## To do
Please repeat each line from the one holding "Cute Duck Satin" through the final line of the data, exactly as it stands, with no pictures.
────────
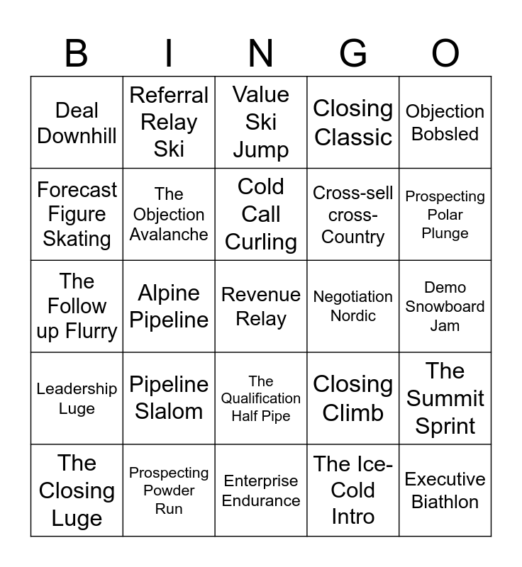This bingo card has a free space and 24 words: Pipeline Slalom, Prospecting Powder Run, Cold Call Curling, The Closing Luge, Objection Bobsled, Deal Downhill, Forecast Figure Skating, Referral Relay Ski, Negotiation Nordic, The Qualification Half Pipe, Cross-sell cross-Country, The Follow up Flurry, Closing Climb, The Summit Sprint, The Objection Avalanche, The Ice-Cold Intro, Demo Snowboard Jam, Value Ski Jump, Prospecting Polar Plunge, Alpine Pipeline, Executive Biathlon, Leadership Luge, Closing Classic and Enterprise Endurance.
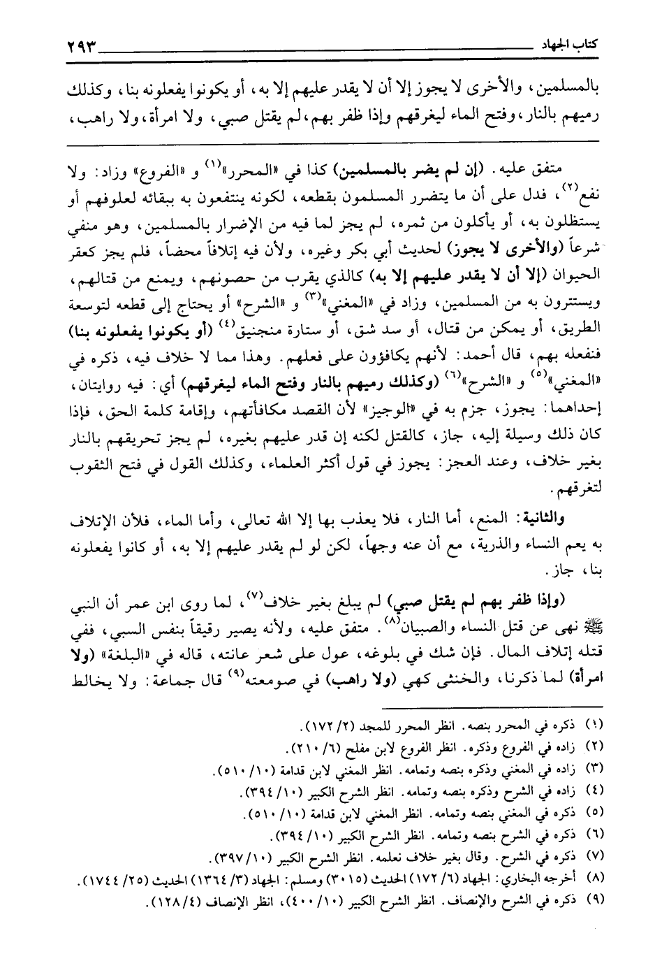 ـــــــــــــــــــــــــــــQمُتَّفَقٌ عَلَيْهِ. (إِنْ لَمْ يَضُرَّ بِالْمُسْلِمِينَ) كَذَا فِي " الْمُحَرَّرِ " وَ " الْفُرُوعِ " وَزَادَ: وَلَا نَفَعَ. فَدَلَّ عَلَى أَنَّ مَا يَتَضَرَّرُ الْمُسْلِمُونَ بِقَطْعِهِ لِكَوْنِهِ يَنْتَفِعُونَ بِهِ بِبَقَائِهِ لِعُلُوفِهِمْ أَوْ يَسْتَظِلُّونَ بِهِ أَوْ يَأْكُلُونَ مِنْ ثَمَرِهِ، لَمْ يَجُزْ لِمَا فِيهِ مِنَ الْإِضْرَارِ بِالْمُسْلِمِينَ، وَهُوَ مَنْفِيٌّ شَرْعًا (وَالْأُخْرَى لَا يَجُوزُ) لِحَدِيثِ أَبِي بَكْرٍ وَغَيْرِهِ، وَلِأَنَّ فِيهِ إِتْلَافًا مَحْضًا، فَلَمْ يَجُزْ كَعَقْرِ الْحَيَوَانِ (إِلَّا أَنْ لَا يَقْدِرَ عَلَيْهِمْ إِلَّا بِهِ) كَالَّذِي يَقْرُبُ مِنْ حُصُونِهِمْ، وَيَمْنَعُ مِنْ قِتَالِهِمْ، وَيَسْتَتِرُونَ بِهِ مِنَ الْمُسْلِمِينَ، وَزَادَ فِي " الْمُغْنِي " وَ " الشَّرْحِ " أَوْ يُحْتَاجُ إِلَى قَطْعِهِ لِتَوْسِعَةِ الطَّرِيقِ، أَوْ يُمَكِّنُ مِنْ قِتَالٍ، أَوْ سَدِّ شَقٍّ، أَوْ سِتَارَةِ مَنْجَنِيقٍ. (أَوْ يَكُونُوا يَفْعَلُونَهُ بِنَا) فَنَفْعَلُهُ بِهِمْ، قَالَ أَحْمَدُ: لِأَنَّهُمْ يُكَافَئُونَ عَلَى فِعْلِهِمْ. وَهَذَا مِمَّا لَا خِلَافَ فِيهِ. ذَكَرَهُ فِي " الْمُغْنِي " وَ " الشَّرْحِ " (وَكَذَلِكَ رَمْيُهُمْ بِالنَّارِ وَفَتْحُ الْمَاءِ لِيُغْرِقَهُمْ) أَيْ فِيهِ رِوَايَتَانِ، إِحْدَاهُمَا: يَجُوزُ؛ جَزَمَ بِهِ فِي " الْوَجِيزِ "؛ لِأَنَّ الْقَصْدَ مُكَافَأَتُهُمْ، وَإِقَامَةُ كَلِمَةِ الْحَقِّ، فَإِذَا كَانَ ذَلِكَ وَسِيلَةً إِلَيْهِ جَازَ كَالْقَتْلِ، لَكِنَّهُ إِنْ قَدَرَ عَلَيْهِمْ بِغَيْرِهِ، لَمْ يَجُزْ تَحْرِيقُهُمْ بِالنَّارِ بِغَيْرِ خِلَافٍ. وَعِنْدَ الْعَجْزِ: يَجُوزُ فِي قَوْلِ أَكْثَرِ الْعُلَمَاءِ، وَكَذَلِكَ الْقَوْلُ فِي فَتْحِ الثُّقُوبِ لِتَغْرِقهِمْ.
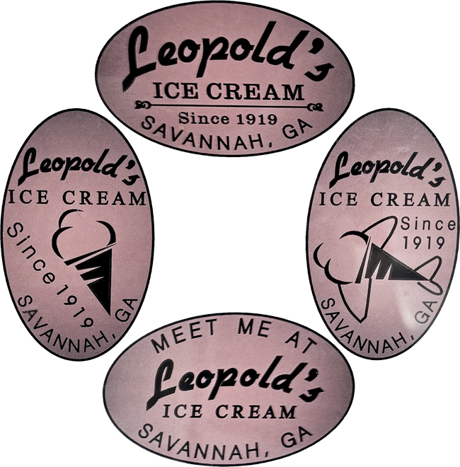 All have 'Leopo/d's Ice Cream Savannah, GA' on them. Designs are:
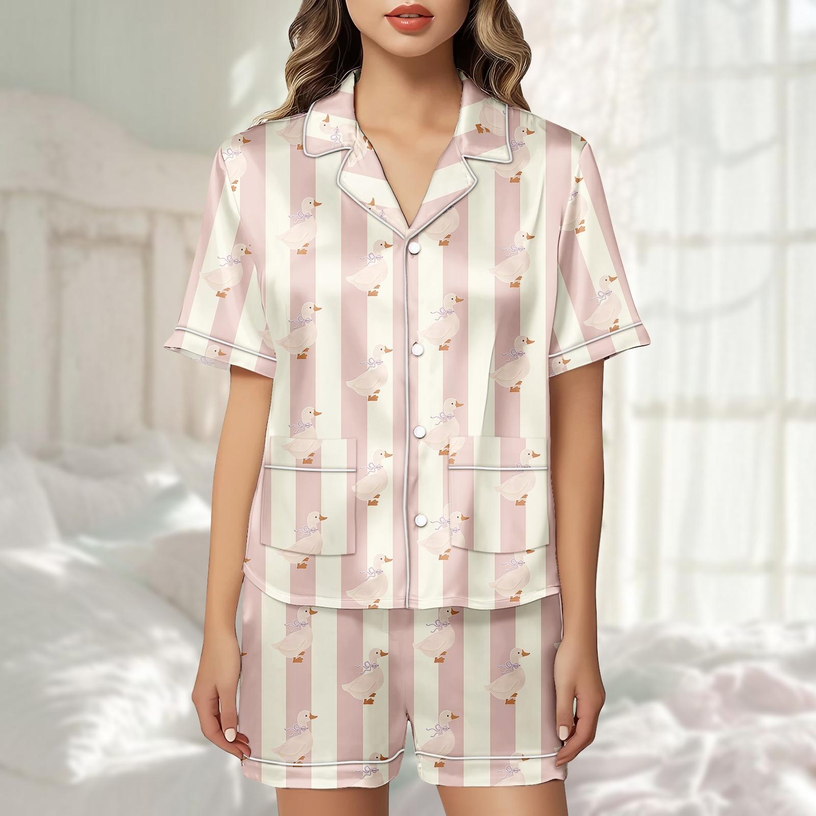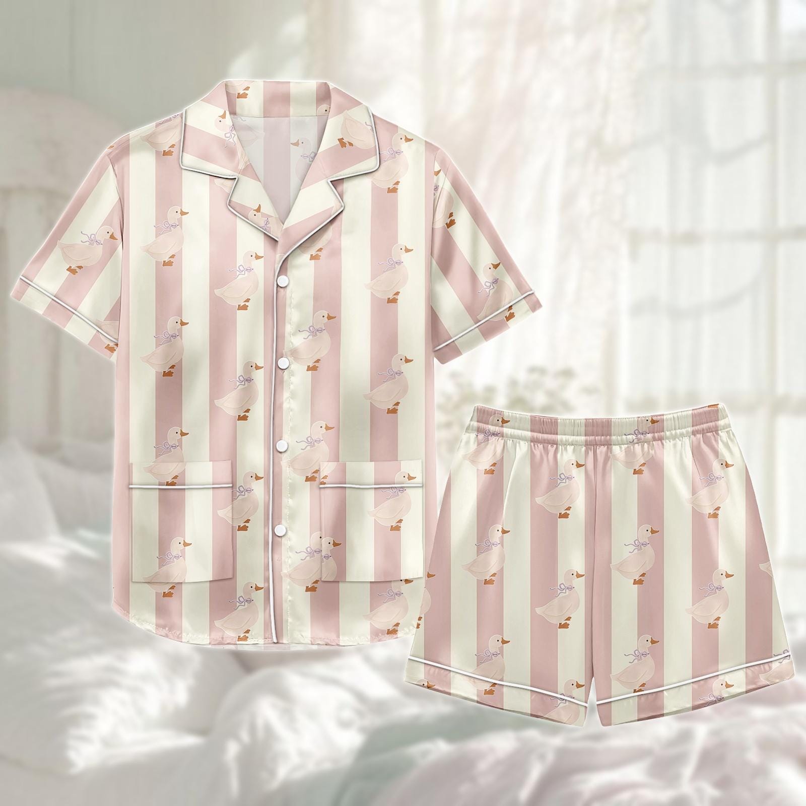 Cute Duck Satin Pajama Short Set, Pink Stripe Pjs For Women, Kawaii Loungewear, Summer Sleepwear, Pastel Aesthetic Pjs, Gift For Her
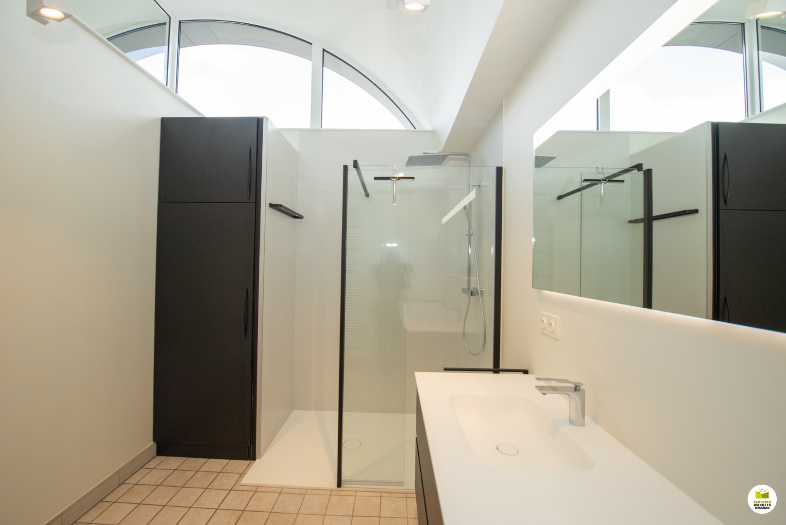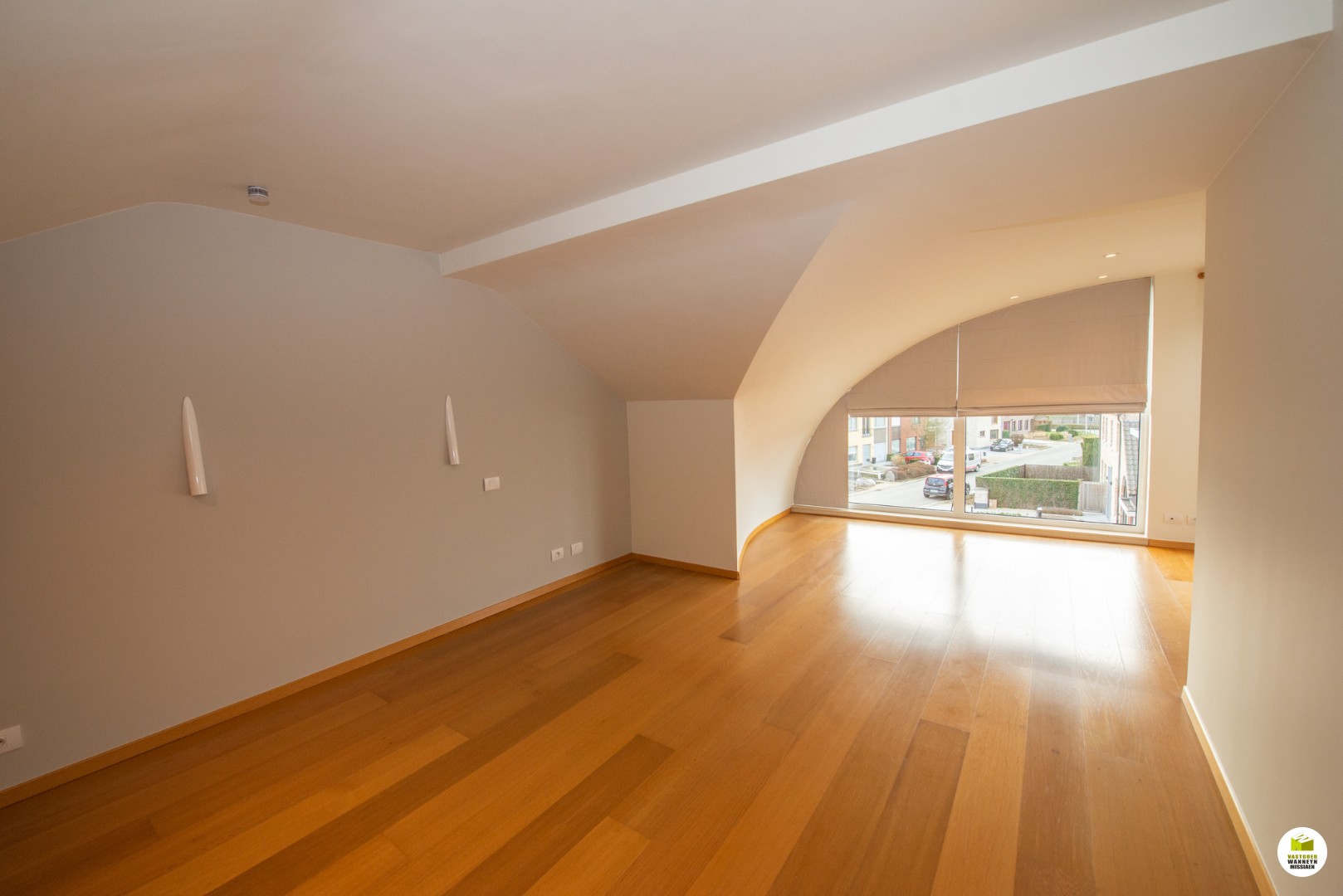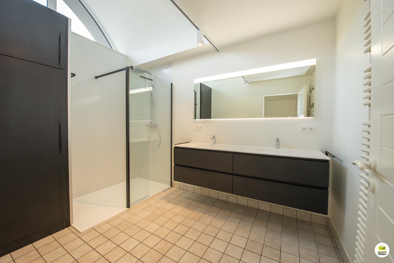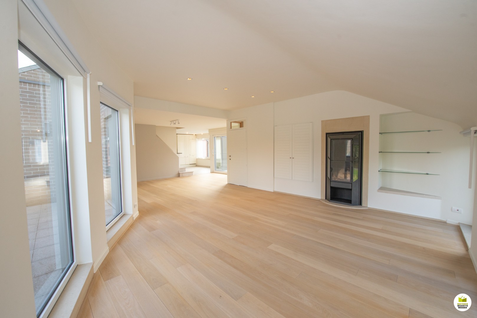 Vloerverwarming in living op mazout. Alle verlichting is op led.
────────
## Response
 Cute Duck Satin Pajama Short Set, Pink Stripe Pjs For Women, Kawaii Loungewear, Summer Sleepwear, Pastel Aesthetic Pjs, Gift For Her
 Vloerverwarming in living op mazout. Alle verlichting is op led.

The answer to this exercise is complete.